Looking for a handful of stories about worms to add to your Pre-K classroom’s collection? Unsure where to start? If so, perhaps I may be of some assistance. At one time, I worked in a Pre-K setting. As such, I just happen to know of several books that would fit in well with a worm themed lesson plan. Here’s a quick look at each one”
“Wiggling Worms at Work”
Wendy Pfeffer’s “Wiggling Worms at Work” is one of the first books that I’d recommend looking at. It contains a great basic overview of what makes worms so special. I would also recommend pairing it with Caroline Arnold’s book “Wiggle and Waggle” as well as Nancy Loewen’s tome “Garden Wigglers: Earthworms in Your Backyard.” Arnold’s tale uses two cartoon worms to get its point across whereas Loewen’s book takes a less fanciful approach. In combination, all three will help teach the children about a worm’s life cycle and its characteristics.
“Inch by Inch”
Leo Lionni’s “Inch by Inch” is another book that I’d suggest adding to your collection. I like the book because its storyline focuses on a savvy inchworm and its measuring prowess. Thus, it would make a superlative introduction to a math related activity. I would also suggest pairing it with Elinor J. Pinczes’ book “Inchworm and A Half.” It could be utilized in the same way. If you do decide to go that route, you may want to consider giving each child an inchworm ruler. Quill typically sells the rulers for around $16 a set.

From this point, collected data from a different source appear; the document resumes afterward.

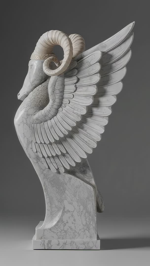 AI Generated Video. Rotating marble winged-ram sculpture revealing curled horns, layered carved wings, subtle veining, and polished surface against neutral gray backdrop. Vertical-framed video capturing slow 360-degree rotation, emphasizing form, texture, shadow, and negative space. Suiting vertical social media reels, Instagram Stories, TikTok, mobile ads, and gallery website hero loops. Serving editorial content for contemporary art, sculpture, architecture, design features, and luxury decor catalogs. Useful as motion background for product launches, brand campaigns, museum exhibition promos, creative portfolios, and concept presentations. Delivering minimalist, monochrome aesthetic for projects requiring elegance, calm, and classical-meets-modern contrast. Available for looping, slow-motion, and close-up crop variations.
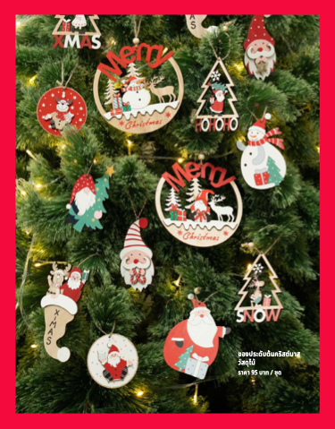 ของประดับต้นคริสต์มาส วัสดุไม้ ราคา 95 บาท / ชุด
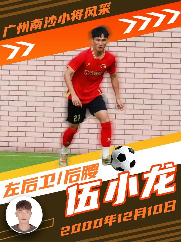 伍小龙同样效力于广州南沙中交四航图南。他上抢凶狠,补位意识强,团队意识良好,是后场多面手,能胜任中后卫和边后卫。曾代表梅县铁汉梯队、广州旅游商务职业学校、阳江摘星、兴宁锐志、佛山怡翠等队参赛。
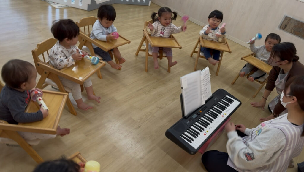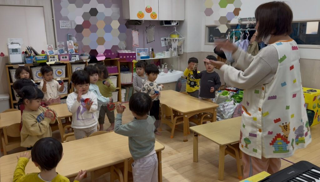 2歳児そよかぜ組ではなにやらカスタネットや鈴の音が!
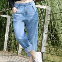娉语文艺宽松秋冬新款宽松哈伦牛仔裤女小清新休闲显瘦松紧腰牛仔裤秋

Personally, I also found favor with Vivian French’s book “Yucky Worms.” In my opinion, she does an excellent job at providing a basic overview of the topic at hand. The book’s illustrations weren’t bad either. I typically like to read it in conjunction with Linda Glaser’s book “Wonderful Worms” and Clair Llewellyn’s “Earthworms.” Both books cover similar information. Llewellyn’s book also contains full-color photographs that will undoubtedly fascinate some of the children.
“Winnie Finn, Worm Farmer”
Should you want to broach the subject of worm farming, I’d recommend picking up a copy of Carol Brendler’s book “Winnie Finn, Worm Farmer.” It features a charming storyline about an aspiring, female worm farmer. The children are likely to get a kick out of hearing about her ambitions. In addition, you could utilize the book as a transition to a worm farm building exercise or further discussions about how worm’s help to improve the soil.
“Diary of a Worm”
Lastly, if you want to read a fun book to the kids, I’d suggest scooping up a copy of Doreen Cronin’s “Diary of a Worm.” In my opinion, it has a cute storyline and wonderful illustrations. The kids are apt to learn something from the creature’s diary entries as well. You could also feasibly read it in conjunction with Sue Beth Balash’s book “Mimi the Inchworm.” As the title suggests, it focuses on a fictional inchworm with an agenda all her own.